A sobrevivência do clube popular
Os dirigentes e técnicos que trabalham nos clubes populares são os primeiros a referir a crise devido às constantes dificuldades com que se defrontam na sua acção. Outros referem que o associativismo, tal como o conhecemos, é coisa do passado, condenada a desaparecer por incapacidade de adaptação à sociedade actual.
Os primeiros têm, certamente, toda a razão, e os segundos poderão ter alguma. Alguns destes elementos pertencem a uma corrente de pensamento que defende, ainda que nunca explicitamente, a extinção de todos os clubes que não possam (ou não queiram) sobreviver por si próprios ou integrar-se no processo de mercado de consumo.
O Movimento Associativo encontra-se, assim, numa posição difícil, quer por esta última razão, quer porque, pela sua própria natureza e vocação, não pode sobreviver por si próprio em muitas situações. Podemos, por exemplo, pensar na situação de um clube criado numa aldeia do interior do País com algumas centenas de habitantes. Podemos, ainda, pensar num pequeno clube de bairro popular, de uma grande ou média cidade, super povoada, mas em que os seus habitantes têm baixa capacidade económica e necessitam de resposta a problemas essenciais para o seu bem estar, o preenchimento sadio do seu tempo livre a participação responsável na vida da comunidade.
Nestes, em que a sua sobrevivência é problemática devido às características das populações e da sua acção, como justificar a sua sobrevivência? A resposta a esta questão passa pela definição das funções que o clube desempenha nestas situações.
Quer num, quer noutro caso, mas especialmente no primeiro, o clube popular constitui o único local de expressão e resolução de algumas das necessidades de carácter social e o nível inicial de vida democrática. Além disso é, na grande maioria das situações, o único local de participação dos indivíduos num projecto comum e de relação criativa com a cultura sob qualquer das suas formas.

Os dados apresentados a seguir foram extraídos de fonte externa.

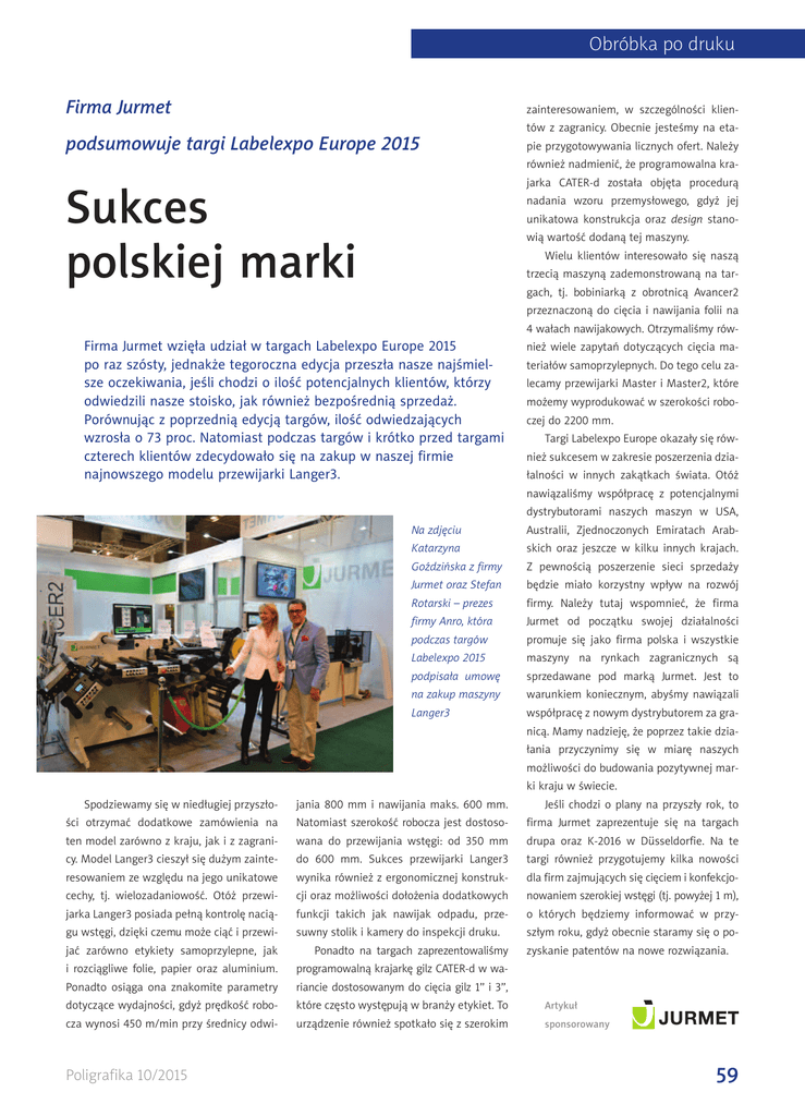 Obróbka po druku Firma Jurmet zainteresowaniem, w szczególności klientów z zagranicy. Obecnie jesteśmy na eta- podsumowuje targi Labelexpo Europe 2015 pie przygotowywania licznych ofert. Należy również nadmienić, że programowalna krajarka CATER-d została objęta procedurą Sukces polskiej marki nadania wzoru przemysłowego, gdyż jej unikatowa konstrukcja oraz design stanowią wartość dodaną tej maszyny. Wielu klientów interesowało się naszą trzecią maszyną zademonstrowaną na targach, tj. bobiniarką z obrotnicą Avancer2 przeznaczoną do cięcia i nawijania folii na 4 wałach nawijakowych. Otrzymaliśmy rów- Firma Jurmet wzięła udział w targach Labelexpo Europe 2015 po raz szósty, jednakże tegoroczna edycja przeszła nasze najśmielsze oczekiwania, jeśli chodzi o ilość potencjalnych klientów, którzy odwiedzili nasze stoisko, jak również bezpośrednią sprzedaż. Porównując z poprzednią edycją targów, ilość odwiedzających wzrosła o 73 proc. Natomiast podczas targów i krótko przed targami czterech klientów zdecydowało się na zakup w naszej firmie najnowszego modelu przewijarki Langer3. nież wiele zapytań dotyczących cięcia materiałów samoprzylepnych. Do tego celu zalecamy przewijarki Master i Master2, które możemy wyprodukować w szerokości roboczej do 2200 mm. Targi Labelexpo Europe okazały się również sukcesem w zakresie poszerzenia działalności w innych zakątkach świata. Otóż nawiązaliśmy współpracę z potencjalnymi dystrybutorami naszych maszyn w USA, Na zdjęciu Australii, Zjednoczonych Emiratach Arab- Katarzyna skich oraz jeszcze w kilku innych krajach. Goździńska z firmy Z pewnością poszerzenie sieci sprzedaży Jurmet oraz Stefan będzie miało korzystny wpływ na rozwój Rotarski – prezes firmy. Należy tutaj wspomnieć, że firma firmy Anro, która Jurmet od początku swojej działalności podczas targów promuje się jako firma polska i wszystkie Labelexpo 2015 maszyny na rynkach zagranicznych są podpisała umowę sprzedawane pod marką Jurmet. Jest to na zakup maszyny warunkiem koniecznym, abyśmy nawiązali Langer3 współpracę z nowym dystrybutorem za granicą. Mamy nadzieję, że poprzez takie działania przyczynimy się w miarę naszych możliwości do budowania pozytywnej marki kraju w świecie. Spodziewamy się w niedługiej przyszło- jania 800 mm i nawijania maks. 600 mm. Jeśli chodzi o plany na przyszły rok, to ści otrzymać dodatkowe zamówienia na Natomiast szerokość robocza jest dostoso- firma Jurmet zaprezentuje się na targach ten model zarówno z kraju, jak i z zagrani- wana do przewijania wstęgi: od 350 mm drupa oraz K-2016 w Düsseldorfie. Na te cy. Model Langer3 cieszył się dużym zainte- do 600 mm. Sukces przewijarki Langer3 targi również przygotujemy kilka nowości resowaniem ze względu na jego unikatowe wynika również z ergonomicznej konstruk- dla firm zajmujących się cięciem i konfekcjo- cechy, tj. wielozadaniowość. Otóż przewi- cji oraz możliwości dołożenia dodatkowych nowaniem szerokiej wstęgi (tj. powyżej 1 m), jarka Langer3 posiada pełną kontrolę nacią- funkcji takich jak nawijak odpadu, prze- o których będziemy informować w przy- gu wstęgi, dzięki czemu może ciąć i przewi- suwny stolik i kamery do inspekcji druku. jać zarówno etykiety samoprzylepne, jak Ponadto na targach zaprezentowaliśmy i rozciągliwe folie, papier oraz aluminium. programowalną krajarkę gilz CATER-d w wa- szłym roku, gdyż obecnie staramy się o pozyskanie patentów na nowe rozwiązania. Ponadto osiąga ona znakomite parametry riancie dostosowanym do cięcia gilz 1” i 3”, dotyczące wydajności, gdyż prędkość robo- które często występują w branży etykiet. To Artykuł cza wynosi 450 m/min przy średnicy odwi- urządzenie również spotkało się z szerokim sponsorowany Poligrafika 10/2015 59
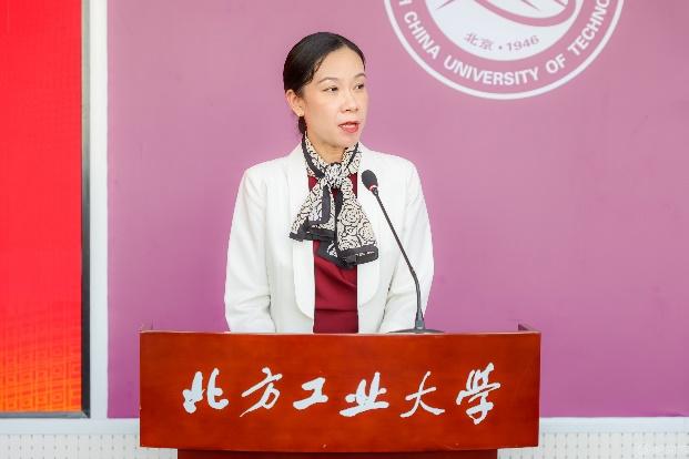 栗蘋在致辭中向獲得結業證書的同學們表示熱烈祝賀,并用“幸運、感謝、祝福”三個關鍵詞概括她對這一重要時刻的感觸。她表示,同學們作為數字產業學院的首屆結業生非常幸運,數字產業學院是我校為順應產教融合趨勢、加快培養高素質應用型人才而開展的創新性教學改革。通過加強與產業界的合作,引領學生將所學知識與產業需求緊密結合,將產業技術、產業認知、產業標準、產業規范以及先進產業理念融合在產業教育項目中。栗蘋對同學們的努力學習和積極態度表示贊賞,對合作企業、學院老師的大力支持與辛勤付出表示衷心的感謝,祝福同學們前程似錦、未來可期,希望大家能將在數字產業學院和北方工業大學所學到的知識應用于社會,將學到的人生經驗用于未來。

A conclusão é que a presença do clube popular, quer nestas situações que apresentámos com a finalidade de clarificar melhor o que deve ser analisado, quer, de uma forma geral, em relação a muitos outros clubes é o garante do aprofundamento da cidadania local, da democracia e da luta contra a injustiça social, na comunidade local.
Isto é válido para todos os clubes populares. Sabemos que não é aconselhável falar do «clubes» como entidade abstracta e generalizada. Os clubes desportivos populares podem dividir-se em diferentes categorias, uns desempenhando plenamente aquelas funções, outros não.
Quer isto dizer que o desaparecimento de qualquer um daqueles clubes, constituirá uma perda irreparável para a vida social, cultural e desportiva, e um empobrecimento profundo da vida das populações. Mas, precisamente porque desempenham sempre aquelas funções, de uma forma mais ou menos eficaz, é compreensível que sejam atacados por aqueles que não as aceitam de boa mente.
É importante compreender que existem forças sociais que se opõem à existência destes “corpos intermédios” porque são incómodos, reivindicativos e exigindo dinheiros do Orçamento de Estado para o desempenho das suas funções. Em suma, põem em causa a visão dominante da democracia representativa por delegação, procurando estruturar um processo complementar da democracia participativa.
Desta forma é mantido o clima social que possibilita o alargamento constante do espectáculo desportivo, e a utilização do desporto em benefício do capital. O clube desportivo popular desempenha, neste grande movimento, um papel essencial pois não só assume o carácter de instituição reprodutora desta ideologia, como se responsabiliza pela organização e a «alimentação» da própria prática em todos os seus níveis.
A atitude do Estado em relação a esta situação é clara: ou o Movimento Associativo aceita e se adapta a esta perspectiva, ou… está condenado a morrer. Retirando-lhe todo o apoio, defendendo a lógica empresarial liberal e montando uma vasta operação de propaganda, o Estado coloca em cheque o associativismo.
Nisto tudo há uma grande esquecido: a população. No fundo é ela que justifica a acção do clube. Mas a satisfação das suas necessidades, a resposta aos seus interesses, a liquidação das desigualdades e da segregação social, não constituem preocupações para as novas técnicas de gestão empresarial. De facto, o que se pretende é substituir a eficácia social do serviço público, pela eficácia financeira da gestão do clube ao serviço do capital privado. É impedir o desenvolvimento de um processo de intervenção activa do cidadão na vida do clube e, por extensão, da comunidade.
Quer isto dizer que a utilização das modernas tecnologias e métodos de gestão devem ser banidos do funcionamento dos clubes populares? Evidentemente que não! Defender tal posição é condená-lo a não se renovar e a impedir a sua adequação às necessidades do nosso tempo. Mas, umas e outros devem ser colocados ao serviço das populações com a finalidade de promover a revigoração da dinâmica social e a estruturação da nova «cidadania» de que tanto se fala.